**** INFORMATION SHOWN
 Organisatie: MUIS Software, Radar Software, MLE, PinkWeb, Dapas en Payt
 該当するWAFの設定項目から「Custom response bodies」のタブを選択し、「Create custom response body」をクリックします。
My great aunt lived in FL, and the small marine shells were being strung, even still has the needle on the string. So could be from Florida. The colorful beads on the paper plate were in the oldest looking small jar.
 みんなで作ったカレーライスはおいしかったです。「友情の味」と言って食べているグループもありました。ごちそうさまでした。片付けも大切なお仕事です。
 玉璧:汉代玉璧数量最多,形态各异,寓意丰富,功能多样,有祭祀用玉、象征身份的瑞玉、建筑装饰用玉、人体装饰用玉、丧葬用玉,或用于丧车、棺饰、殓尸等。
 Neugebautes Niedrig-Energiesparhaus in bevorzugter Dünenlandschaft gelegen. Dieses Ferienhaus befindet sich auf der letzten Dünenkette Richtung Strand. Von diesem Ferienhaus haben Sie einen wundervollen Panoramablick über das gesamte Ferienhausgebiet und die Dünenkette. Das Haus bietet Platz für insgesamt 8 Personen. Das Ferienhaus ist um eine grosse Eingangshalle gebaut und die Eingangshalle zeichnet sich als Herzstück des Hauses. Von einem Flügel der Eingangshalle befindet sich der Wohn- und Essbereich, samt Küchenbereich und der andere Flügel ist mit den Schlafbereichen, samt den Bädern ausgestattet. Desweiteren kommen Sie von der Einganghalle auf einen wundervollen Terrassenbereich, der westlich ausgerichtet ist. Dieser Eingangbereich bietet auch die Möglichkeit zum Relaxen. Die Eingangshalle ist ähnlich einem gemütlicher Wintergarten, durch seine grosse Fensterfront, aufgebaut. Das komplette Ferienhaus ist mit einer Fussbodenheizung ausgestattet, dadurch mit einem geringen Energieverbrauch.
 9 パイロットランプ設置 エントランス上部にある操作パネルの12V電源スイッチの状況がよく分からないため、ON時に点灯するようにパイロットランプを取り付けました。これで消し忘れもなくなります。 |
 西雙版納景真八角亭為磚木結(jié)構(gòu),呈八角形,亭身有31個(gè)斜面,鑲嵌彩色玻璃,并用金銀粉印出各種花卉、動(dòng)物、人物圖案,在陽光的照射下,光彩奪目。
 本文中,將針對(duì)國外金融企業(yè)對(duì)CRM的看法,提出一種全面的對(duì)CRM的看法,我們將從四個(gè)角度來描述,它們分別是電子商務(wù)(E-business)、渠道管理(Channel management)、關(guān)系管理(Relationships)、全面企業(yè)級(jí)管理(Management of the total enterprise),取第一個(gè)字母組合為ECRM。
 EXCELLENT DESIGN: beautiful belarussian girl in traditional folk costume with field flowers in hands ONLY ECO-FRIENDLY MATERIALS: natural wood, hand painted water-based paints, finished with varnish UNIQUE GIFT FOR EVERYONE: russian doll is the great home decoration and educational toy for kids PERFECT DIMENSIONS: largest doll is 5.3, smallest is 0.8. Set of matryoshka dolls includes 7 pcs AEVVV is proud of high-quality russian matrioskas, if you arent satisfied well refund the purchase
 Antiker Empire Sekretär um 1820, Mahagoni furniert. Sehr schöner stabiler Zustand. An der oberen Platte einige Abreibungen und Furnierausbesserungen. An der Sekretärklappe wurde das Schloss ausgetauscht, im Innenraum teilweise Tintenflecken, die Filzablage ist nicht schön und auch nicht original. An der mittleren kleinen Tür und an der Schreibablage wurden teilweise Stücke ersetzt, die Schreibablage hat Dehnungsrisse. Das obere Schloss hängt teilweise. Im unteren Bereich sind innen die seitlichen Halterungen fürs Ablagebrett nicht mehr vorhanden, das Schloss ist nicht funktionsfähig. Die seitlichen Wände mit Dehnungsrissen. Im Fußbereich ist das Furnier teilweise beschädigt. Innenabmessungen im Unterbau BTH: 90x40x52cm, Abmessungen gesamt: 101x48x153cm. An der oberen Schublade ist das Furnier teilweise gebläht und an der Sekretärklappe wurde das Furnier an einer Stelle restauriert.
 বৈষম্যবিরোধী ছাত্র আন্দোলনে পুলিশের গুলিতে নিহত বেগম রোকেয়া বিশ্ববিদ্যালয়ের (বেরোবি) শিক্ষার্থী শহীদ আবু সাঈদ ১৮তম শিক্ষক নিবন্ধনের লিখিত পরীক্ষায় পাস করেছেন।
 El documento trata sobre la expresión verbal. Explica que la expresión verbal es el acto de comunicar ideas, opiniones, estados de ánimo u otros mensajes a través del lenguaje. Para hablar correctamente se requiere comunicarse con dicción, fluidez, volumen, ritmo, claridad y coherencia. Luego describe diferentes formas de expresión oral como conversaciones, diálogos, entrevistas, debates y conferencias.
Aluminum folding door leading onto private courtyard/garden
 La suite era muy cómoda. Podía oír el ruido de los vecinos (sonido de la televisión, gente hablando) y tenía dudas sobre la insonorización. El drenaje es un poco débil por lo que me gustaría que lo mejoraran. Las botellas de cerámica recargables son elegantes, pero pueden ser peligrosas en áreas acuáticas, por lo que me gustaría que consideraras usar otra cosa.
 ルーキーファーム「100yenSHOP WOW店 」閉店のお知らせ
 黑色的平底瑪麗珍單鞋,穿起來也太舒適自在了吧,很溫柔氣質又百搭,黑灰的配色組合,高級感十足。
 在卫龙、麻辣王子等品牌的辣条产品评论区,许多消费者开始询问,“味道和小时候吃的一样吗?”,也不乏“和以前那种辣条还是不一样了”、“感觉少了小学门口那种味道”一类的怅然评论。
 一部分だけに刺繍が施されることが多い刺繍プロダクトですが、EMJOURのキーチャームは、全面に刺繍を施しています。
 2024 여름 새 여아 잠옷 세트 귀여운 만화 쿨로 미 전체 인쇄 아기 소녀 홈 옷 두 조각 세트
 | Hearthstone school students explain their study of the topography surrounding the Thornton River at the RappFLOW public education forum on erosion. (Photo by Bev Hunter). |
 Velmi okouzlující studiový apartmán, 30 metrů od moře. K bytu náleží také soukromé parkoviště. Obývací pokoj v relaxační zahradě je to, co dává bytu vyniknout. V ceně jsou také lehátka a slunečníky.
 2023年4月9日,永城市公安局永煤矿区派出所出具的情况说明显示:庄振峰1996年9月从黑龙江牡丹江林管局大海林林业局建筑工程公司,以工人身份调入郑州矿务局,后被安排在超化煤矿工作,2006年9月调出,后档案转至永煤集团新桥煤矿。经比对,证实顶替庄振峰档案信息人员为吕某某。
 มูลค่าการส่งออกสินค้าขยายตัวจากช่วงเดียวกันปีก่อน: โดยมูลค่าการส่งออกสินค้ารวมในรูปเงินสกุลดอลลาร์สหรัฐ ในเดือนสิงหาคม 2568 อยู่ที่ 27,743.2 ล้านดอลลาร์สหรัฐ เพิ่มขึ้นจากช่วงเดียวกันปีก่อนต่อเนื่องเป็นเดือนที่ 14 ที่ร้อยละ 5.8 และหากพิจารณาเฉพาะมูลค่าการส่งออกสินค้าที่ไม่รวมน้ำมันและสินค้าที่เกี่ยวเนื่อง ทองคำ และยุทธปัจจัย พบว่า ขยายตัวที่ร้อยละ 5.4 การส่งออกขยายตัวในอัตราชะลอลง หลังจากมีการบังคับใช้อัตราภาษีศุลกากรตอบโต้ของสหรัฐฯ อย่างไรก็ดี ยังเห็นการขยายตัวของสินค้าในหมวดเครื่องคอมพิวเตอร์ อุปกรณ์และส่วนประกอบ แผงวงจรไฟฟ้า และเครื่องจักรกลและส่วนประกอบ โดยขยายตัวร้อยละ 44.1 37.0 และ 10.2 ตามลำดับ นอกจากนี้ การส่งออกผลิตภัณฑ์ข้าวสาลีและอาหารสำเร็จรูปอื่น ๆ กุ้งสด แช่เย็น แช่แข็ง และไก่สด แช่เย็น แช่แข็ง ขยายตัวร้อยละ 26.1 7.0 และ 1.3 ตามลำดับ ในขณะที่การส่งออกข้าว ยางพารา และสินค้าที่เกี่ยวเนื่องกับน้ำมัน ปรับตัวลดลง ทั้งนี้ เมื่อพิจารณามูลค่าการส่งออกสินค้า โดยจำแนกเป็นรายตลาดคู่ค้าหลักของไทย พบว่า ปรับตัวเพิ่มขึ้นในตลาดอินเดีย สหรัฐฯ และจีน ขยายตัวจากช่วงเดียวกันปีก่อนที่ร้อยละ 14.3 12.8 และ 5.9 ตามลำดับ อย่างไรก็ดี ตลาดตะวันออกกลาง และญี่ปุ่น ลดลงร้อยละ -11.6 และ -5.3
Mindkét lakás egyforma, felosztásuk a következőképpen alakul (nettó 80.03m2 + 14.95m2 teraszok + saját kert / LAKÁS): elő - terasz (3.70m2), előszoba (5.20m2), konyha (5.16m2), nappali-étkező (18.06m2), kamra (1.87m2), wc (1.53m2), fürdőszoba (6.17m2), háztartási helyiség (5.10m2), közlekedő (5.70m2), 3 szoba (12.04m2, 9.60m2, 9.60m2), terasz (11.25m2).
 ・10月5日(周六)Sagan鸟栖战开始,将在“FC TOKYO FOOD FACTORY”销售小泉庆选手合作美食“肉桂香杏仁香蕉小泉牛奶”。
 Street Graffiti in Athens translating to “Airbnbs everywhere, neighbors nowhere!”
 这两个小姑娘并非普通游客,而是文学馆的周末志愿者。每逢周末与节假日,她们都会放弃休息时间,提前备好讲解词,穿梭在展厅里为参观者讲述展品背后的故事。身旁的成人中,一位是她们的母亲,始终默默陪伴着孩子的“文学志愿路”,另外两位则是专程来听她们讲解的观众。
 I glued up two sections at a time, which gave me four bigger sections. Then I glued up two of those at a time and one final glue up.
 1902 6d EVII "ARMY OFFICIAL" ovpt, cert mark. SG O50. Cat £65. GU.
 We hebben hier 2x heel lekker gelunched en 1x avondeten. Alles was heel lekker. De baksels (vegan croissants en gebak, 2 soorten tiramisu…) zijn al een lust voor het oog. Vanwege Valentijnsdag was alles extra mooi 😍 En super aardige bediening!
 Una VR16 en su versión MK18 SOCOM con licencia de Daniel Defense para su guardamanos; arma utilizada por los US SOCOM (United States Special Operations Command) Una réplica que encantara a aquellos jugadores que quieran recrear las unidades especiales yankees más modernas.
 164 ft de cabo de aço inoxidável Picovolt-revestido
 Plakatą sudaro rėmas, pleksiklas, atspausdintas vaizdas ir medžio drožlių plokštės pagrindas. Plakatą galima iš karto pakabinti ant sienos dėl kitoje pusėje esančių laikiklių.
********
● TASK DIRECTIONS
Reproduce the entries above exactly, but only the lines between the line holding "Mindkét lakás egyforma, felosztásuk" and the line holding "这两个小姑娘并非普通游客,而", inclusive.

● FINAL ANSWER
Mindkét lakás egyforma, felosztásuk a következőképpen alakul (nettó 80.03m2 + 14.95m2 teraszok + saját kert / LAKÁS): elő - terasz (3.70m2), előszoba (5.20m2), konyha (5.16m2), nappali-étkező (18.06m2), kamra (1.87m2), wc (1.53m2), fürdőszoba (6.17m2), háztartási helyiség (5.10m2), közlekedő (5.70m2), 3 szoba (12.04m2, 9.60m2, 9.60m2), terasz (11.25m2).
 ・10月5日(周六)Sagan鸟栖战开始,将在“FC TOKYO FOOD FACTORY”销售小泉庆选手合作美食“肉桂香杏仁香蕉小泉牛奶”。
 Street Graffiti in Athens translating to “Airbnbs everywhere, neighbors nowhere!”
 这两个小姑娘并非普通游客,而是文学馆的周末志愿者。每逢周末与节假日,她们都会放弃休息时间,提前备好讲解词,穿梭在展厅里为参观者讲述展品背后的故事。身旁的成人中,一位是她们的母亲,始终默默陪伴着孩子的“文学志愿路”,另外两位则是专程来听她们讲解的观众。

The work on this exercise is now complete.